The dog who was tied to the truck was the size of a pony, though leaner and much more cruel. He was loping, in slow motion, toward the end of the alley, his weak-looking chain spiraling behind him. The chain hardly looked strong enough to hold back the dog. At the end of the alley, with his legs all buttery and stumbling over himself, hopelessly clumsy and unable to flee, little Walt bumbled in circles, but he couldn't seem to get himself going--to get himself away from that terrible dog. When the chain snapped, the great truck lurched forward as if someone had started it, and the dog was on him. Walt grabbed the dog's fur, sweaty and coarse (his father's armpit), but somehow he lost his grip. The dog was at his throat but Walt was running again, into the street, where trucks like the abandoned army truck rolled heavily past, their massive rear wheels in rows stacked together like giant doughnuts on their sides. And because of the mere gun slits (for windshields) the drivers couldn't see, of course; they couldn't see little Walt.
Then his father kissed him and Walt's dream slipped away, for now. He was somewhere safe again; he could smell his father and feel his father's hands, and he heard his father say, "It's just a dream, Walt."
* * *
--
In Garp's dream, he and Duncan had been riding on an airplane.
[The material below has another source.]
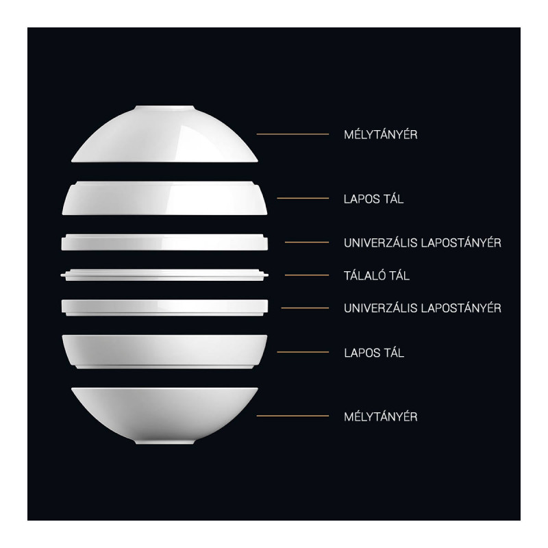 Набор La Boule впечатляет своим дизайнерским видом и потрясающей функциональностью. Сфера из фарфора премиум-качества состоит из набора предметов для двух персон: это две плоские тарелки, две универсальные тарелки, два салатника и блюдо для сервировки, которые волшебным образом соединяются и предстают в форме шара.
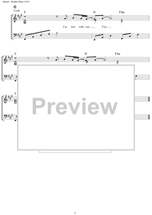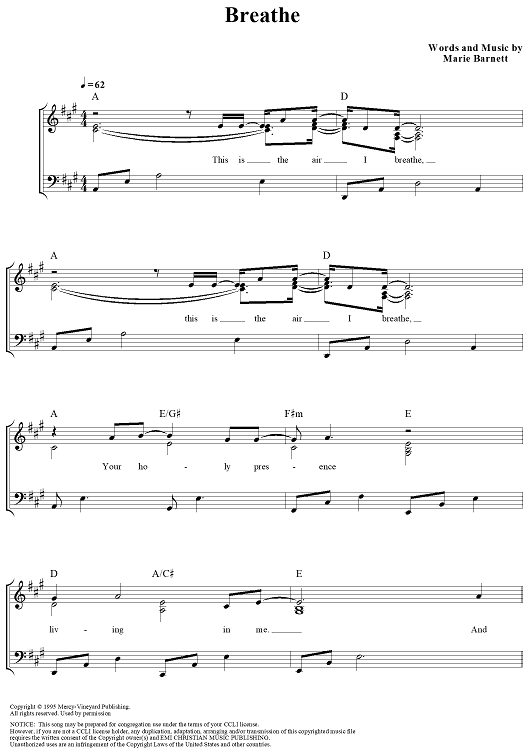 Digital Sheet Music for Breathe by Marie Barnett scored for Piano/Vocal/Chords; id:309148

Duncan had to go to the bathroom. Garp pointed down the aisle; there were doors down there, a small kitchen, the pilot's cabin, the lavatory. Duncan wanted to be taken there, to be shown which door, but Garp was cross with him.
"You're ten years old, Duncan," Garp said. "You can read. Or ask the stewardess." Duncan crossed his knees and sulked. Garp shoved the child into the aisle. "Grow up, Duncan," he said. "It's one of those doors down there. Go on."
Moodily, the child walked down the aisle toward the doors. A stewardess smiled at him and rumpled his hair as he passed her, but Duncan, typically, would ask nothing. He got to the end of the aisle and glared back at Garp; Garp waved to him, impatiently. Duncan shrugged his shoulders, helplessly. Which door?
Exasperated, Garp stood up. "Try one!" he shouted down the aisle to Duncan, and people looked at Duncan standing there. Duncan was embarrassed and opened a door immediately--the one nearest him. He gave a quick, surprised, but uncritical look back to his father before he seemed to be drawn through the door he'd opened. The door slammed itself after Duncan. The stewardess screamed. The plane gave a little dip in altitude, then corrected itself. Everyone looked out the windows; some people fainted, some threw up. Garp ran down the aisle, but the pilot and another official-looking person prevented Garp from opening the door.
"It should always be kept locked, you stupid bitch!" the pilot shouted to the sobbing stewardess.
"I thought it was locked!" she wailed.
"Where's it go?" Garp cried. "God, where's it go?" He saw that nothing was written on any of the doors.
"I'm sorry, sir," the pilot said. "It couldn't be helped." But Garp shoved past him, he bent a plainclothesman against the back of a seat, he smacked the stewardess out of the aisle. When he opened the door, Garp saw that it went outside--into the rushing sky--and before he could cry aloud for Duncan, Garp was sucked through the open door and into the heavens, where he hurtled after his son.